At the Department of Mineralogy and Petrology, Study and Conservation of Construction Materials of the Architectural Heritage Group of the University of Granada, Spain, further investigations of slaked lime putty through instrumental and physical testing were able to establish the nanostructure and colloidal nature of calcium hydroxide in putties. The colloidal nature profoundly affects the rheology of the putties, including plasticity, and other properties affected by particle size and shape, such as viscosity and water retention. This data can be used to explain, among many other factors, the effects of organic compounds on the nanostructure and colloidal behavior of lime. This type of information is being used in applications for the design of restoration mortar mixes with the addition of natural and synthetic organic compounds.
At the Department of Civil Engineering, Building Materials and Research Group of the Catholic University of Leuven, Belgium, investigations of the carbonation reaction of lime and its kinetics at ambient temperature showed that carbonation speed seems to be dependent upon the specific surface of lime types.

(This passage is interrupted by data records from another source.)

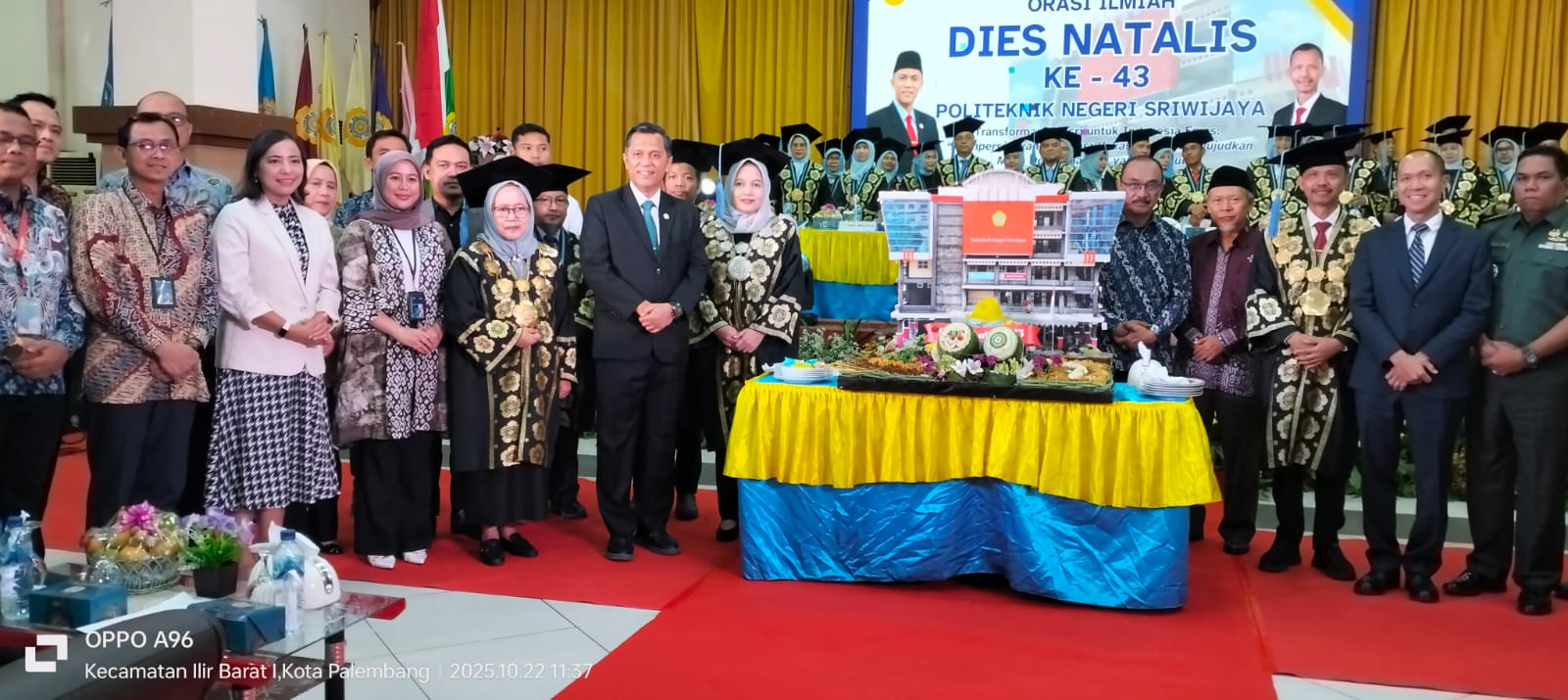 MAKLUMATNEWS.com Palembang.——Politeknik Negeri Sriwijaya (Polsri) memperingati Dies Natalis ke-43 dengan tema “Transformasi Polsri untuk Indonesia Emas: Mempersiapkan Generasi Vokasi dalam Mewujudkan Masa Depan Bangsa yang Unggul” di Auditorium Polsri, Rabu (22/10/2025).
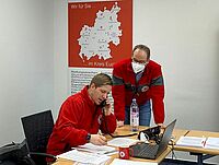 Landrat Markus Ramers machte sich im Rotkreuz-Zentrum ein Bild vom Alltag der Hotline-Mitarbeiter und griff selbst zum Hörer – Keine Impftermine oder medizinische Beratung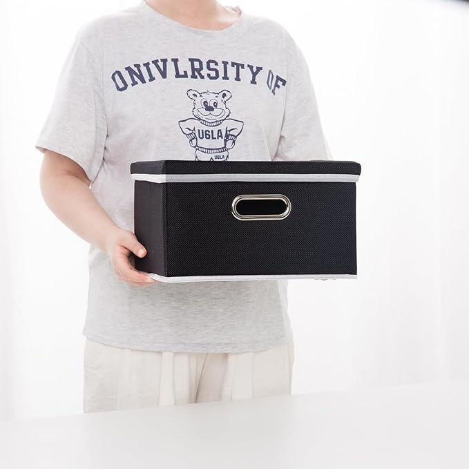 PRANDOM Storage Boxes with Lids [3-Pack] Fabric Collapsible Storage Bins Organizer Containers Baskets Cube with Cover for Home Bedroom Closet Office Nursery Black(11.4X8.6X6.7
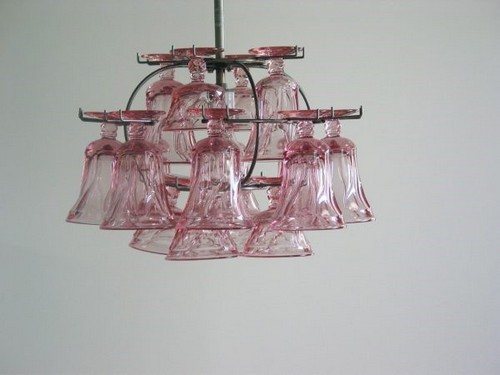 Чтобы большая креманка или салатница не пылилась, а приносила пользу, ее можно превратить в оригинальную люстру. Для этого достаточно установить патрон с лампочкой и дополнить конструкцию необходимыми элементами. Рельефные стенки посуды создадут эффект изысканных кружевных узоров на стенах помещения. Вы можете использовать как один крупный предмет, так и несколько маленьких рюмок.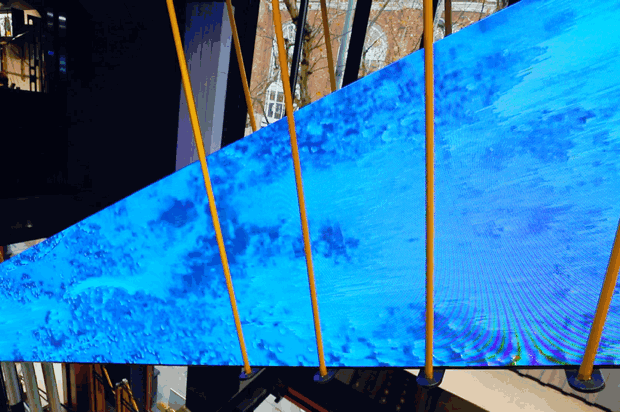 巨大的裸眼3D LED屏貫穿一二層,再現(xiàn)品牌起源航海探險(xiǎn)過(guò)程的壯麗景觀,并透過(guò)櫥窗,成為店面外形設(shè)計(jì)的一部分。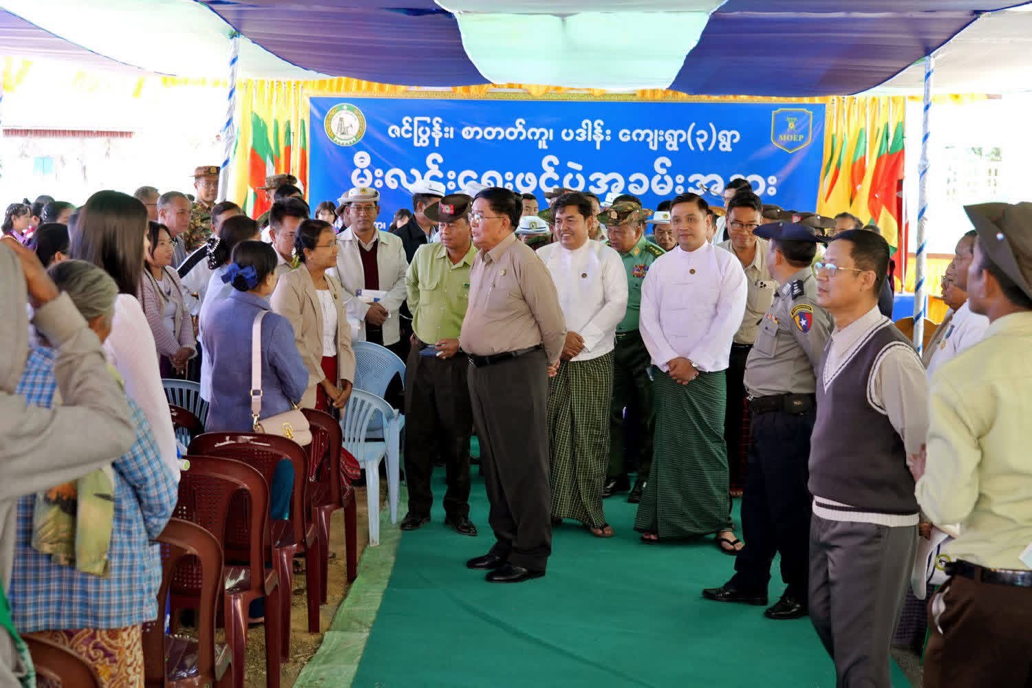 အခမ်းအနားအပြီးတွင် တိုင်းဒေသကြီး၀န်ကြီးချုပ်နင့် တာ၀န်ရှိသူများသည် အဆိုပါကျေးရွာ များသို့ စစ်ဘေးရှောင်ရောက်ရှိကာ အခြေခံပညာကျောင်း တက်ရောက် ပညာသင်ကြား နေသော ကျောင်းသား ကျောင်းသူများအား တွေ့ဆုံ၍ အားပေးစကားများပြောကြားကာ၊ လိုအပ်သည့် ကူညီထောက်ပံ့မှုများ ဆောင်ရွက်ပေးခဲ့ကြောင်း သိရသည်။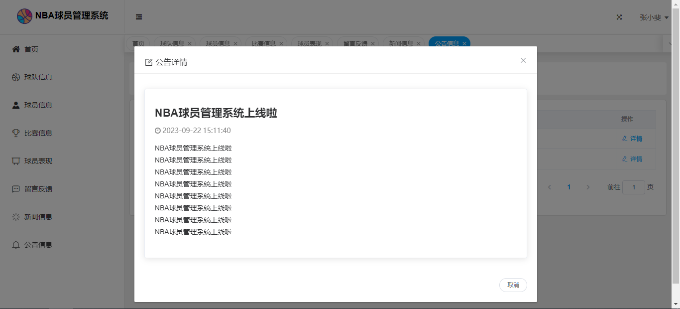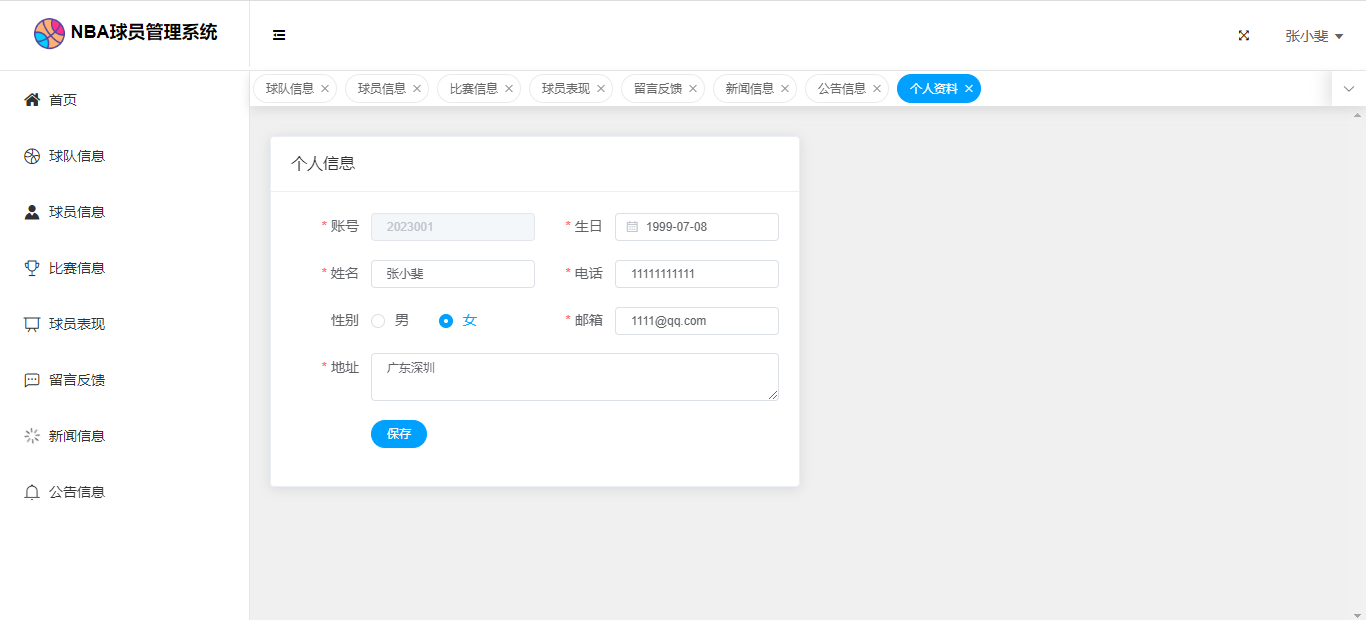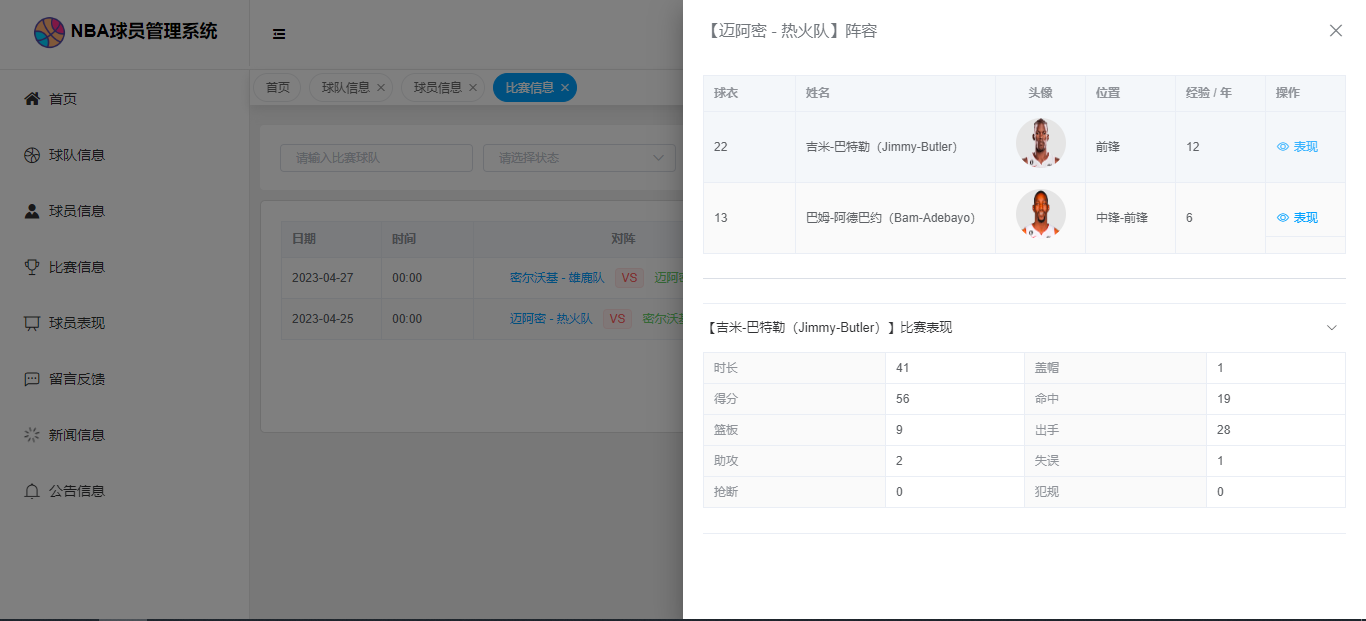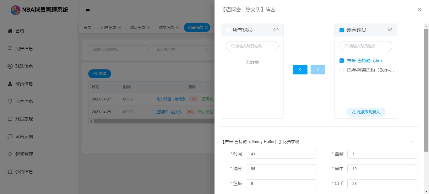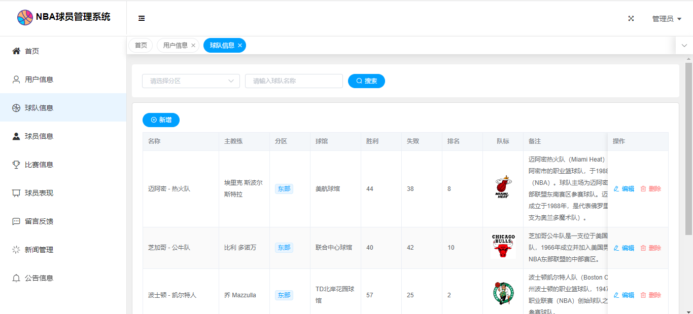 基于SpringBoot+Vue前后端分离的NBA球员管理系统,本人原创开发。

The competition between carbonation and hydration on the hardening of calcium hydroxide and calcium silicate binders is now being studied. The Leuven group has previously shown, through tri-axial compression testing that simulates the stress state of mortar in masonry, how the weakness and deformability of lime mortars contribute to the durability of historic masonry. While those mortar properties have minor effect on the strength of the masonry, they increase the ability of masonry to withstand deformability and shock (e.g., in areas where earthquakes are common or masonry is built upon a slowly shifting surface).